Что же, как настоящему полицейскому мне должно быть интересно преодолевать трудности, попытался он себя убедить. Мы не такие, как все. «Мы» — это большой мужской коллектив, к которому принадлежала и его подруга. Мы, черт нас подери, как дети, раздраженно подумал он, наливая в кастрюлю побольше воды, чтобы хватило и на кофе, и на яйца.

Через полчаса он уже сидел в метро, переваривая завтрак, состоявший из растворимого кофе без молока, полстакана сока, сомнительного помидора, вчерашней булки с несколькими стружками сыра и пяти яиц всмятку. Настроение было скверным, и он подозревал, что причиной тому не только завтрак.

Войдя в кабинет, Ярнебринг застал там Хольт, которая была на месте, судя по всему, уже давно, потому что успела написать объективки по убитому, соседям и стоявшим на улице машинам.

— Ничего существенного. — Она покачала головой.

— Черт возьми! Ты что, ночевала здесь, что ли? — Ярнебринг кивнул на толстую пачку распечаток на ее столе.

— Пришла час назад. — Она слегка улыбнулась и опять покачала головой. — Нике у отца эту неделю, так что у меня дома особых дел нет.

Ну, с этим я бы мог тебе помочь, подумал Ярнебринг, однако без знакомой уверенности, которую он испытывал до того, как обручился со своей девушкой. Идиот, мысленно обругал он себя, а вслух спросил:

— Нике?

— Мой сын. Разве я не говорила? Ему шесть, на будущий год пойдет в школу.

— Хороший возраст, — неопределенно протянул Ярнебринг. — А братья и сестры у него есть?

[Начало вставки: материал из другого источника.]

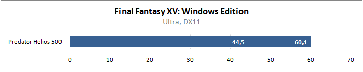 Длительная нагрузка бенчмарком Final Fantasy XV: Windows Edition позволяет оценить нагрев ноутбука в игровом режиме. Среди протестированных ранее моделей часто именно видеокарта была самым горячим элементом, увеличивая и общий нагрев ноутбука. Посмотрим, как проявит себя Predator Helios 500.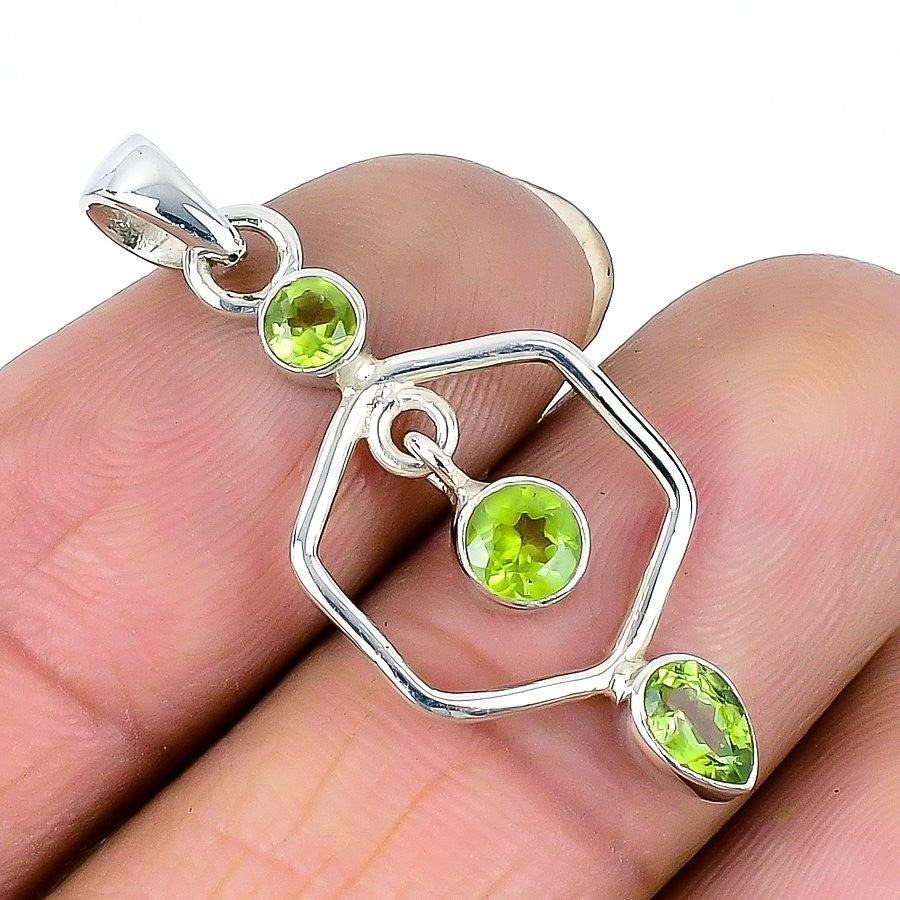August Peridot Faceted Gemstone Solid Sterling Silver Engagement Pendant Jewelry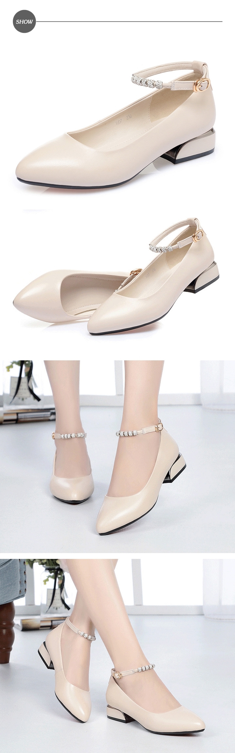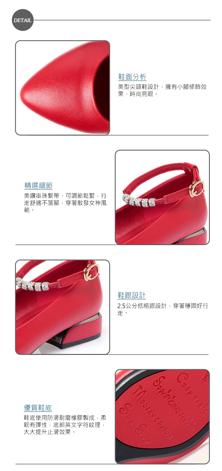 【MOM】真皮細緻牛皮美鑽串珠繫帶金屬粗跟鞋 ( 米 )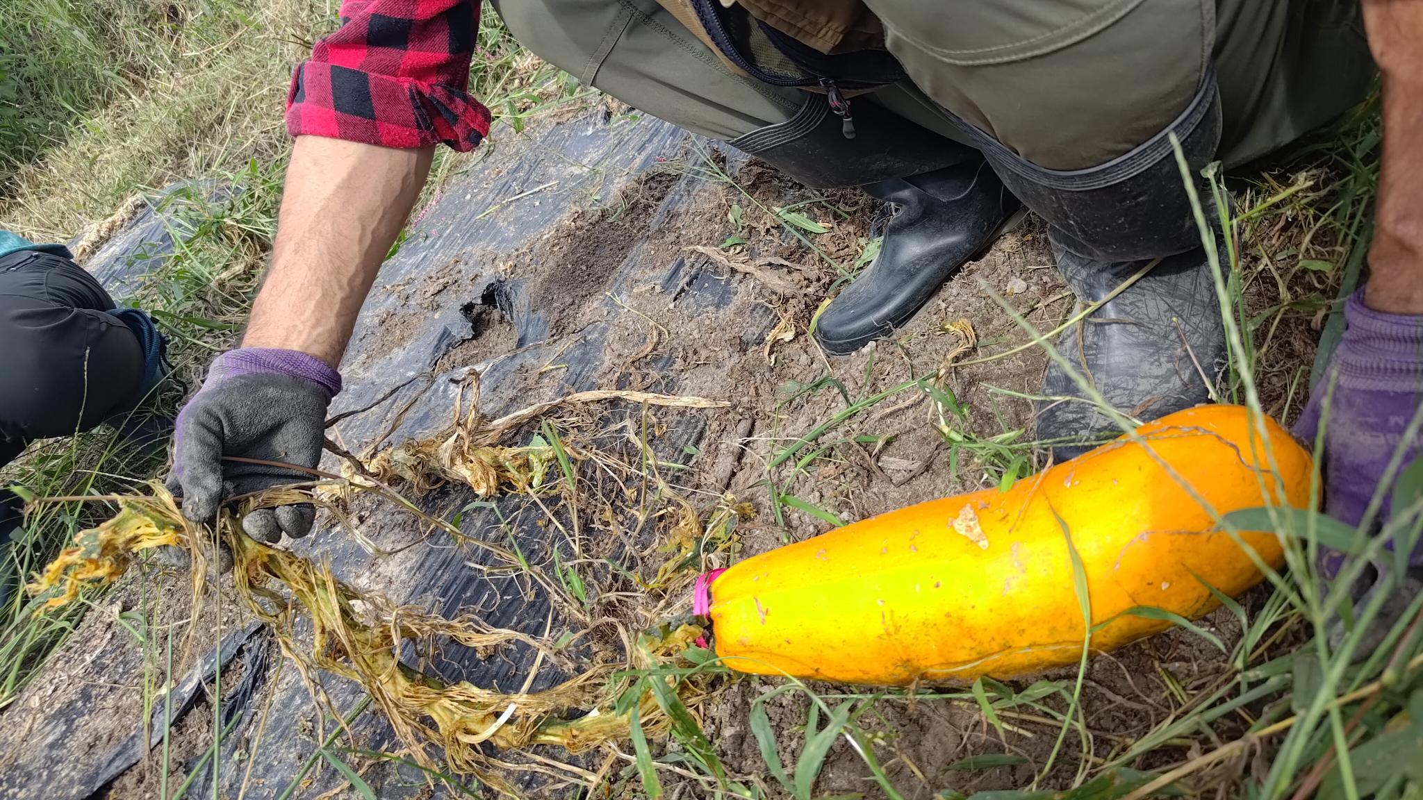 ズッキーニはカボチャの仲間なので、種の洗い以降の手順は同じですが、食べごろのズッキーニでは種が成熟していないので、種採り用の果実は印をして茎にならせたままにし、表面がしなびるくらいまで待ちます。

О чем я говорю? — подумал он.

— Только Нике. Других пока не предвидится. Так я тебе и поверил, подумал Ярнебринг, который вел подобные разговоры уже несколько лет.

— Ну-ну, — улыбнулся он. Что еще он мог сказать? — Есть новости?

— Йес, — ответила Хольт и достала откуда-то желтую записку. — Звонил коллега Фюлькинг из уголовки и спрашивал, не мог бы ты зайти к нему перед оперативкой.

— Вот оно что, — сказал Ярнебринг, прочитав записку.

Наверняка этот болван Бекстрём, подумал он.

— Фюлькинг, — повторила Хольт. — Это его называют Фюлльскалле?[10]

— Вот именно, — кивнул Ярнебринг, — хотя непонятно почему. Он пьет не больше других, к тому же почти не пьянеет, даром что скоро на пенсию.

— Ладно, увидимся на оперативке. — Хольт пододвинула к себе еще одну пачку бумаг.

— Садись, Ярнебринг. — Фюлькинг кивнул на стул для посетителей.

— Хорошо выглядишь, старина, — дружелюбно сказал Ярнебринг.

Вот таким и должен быть настоящий полицейский, подумал он.

— Выбора нет, — хохотнул Фюлькинг. — Водка опять подорожала, так что надо продолжать тянуть лямку.

Он был таким же огромным и грубо скроенным, как Ярнебринг, но на двадцать лет старше и на тридцать килограммов тяжелее, со свекольной физиономией. Галстук на складчатой бычьей шее смотрелся удавкой.

Ну вылитая чугунная печка! — с восхищением подумал Ярнебринг, глядя на это чудо природы.

— Зачем вызывал? — спросил он.

Оказалось, просто так. Поговорили о том о сем, как водится между коллегами, потом Фюлькинг в качестве заместителя начальника отдела тяжких уголовных преступлений поблагодарил его, что он принял вызов.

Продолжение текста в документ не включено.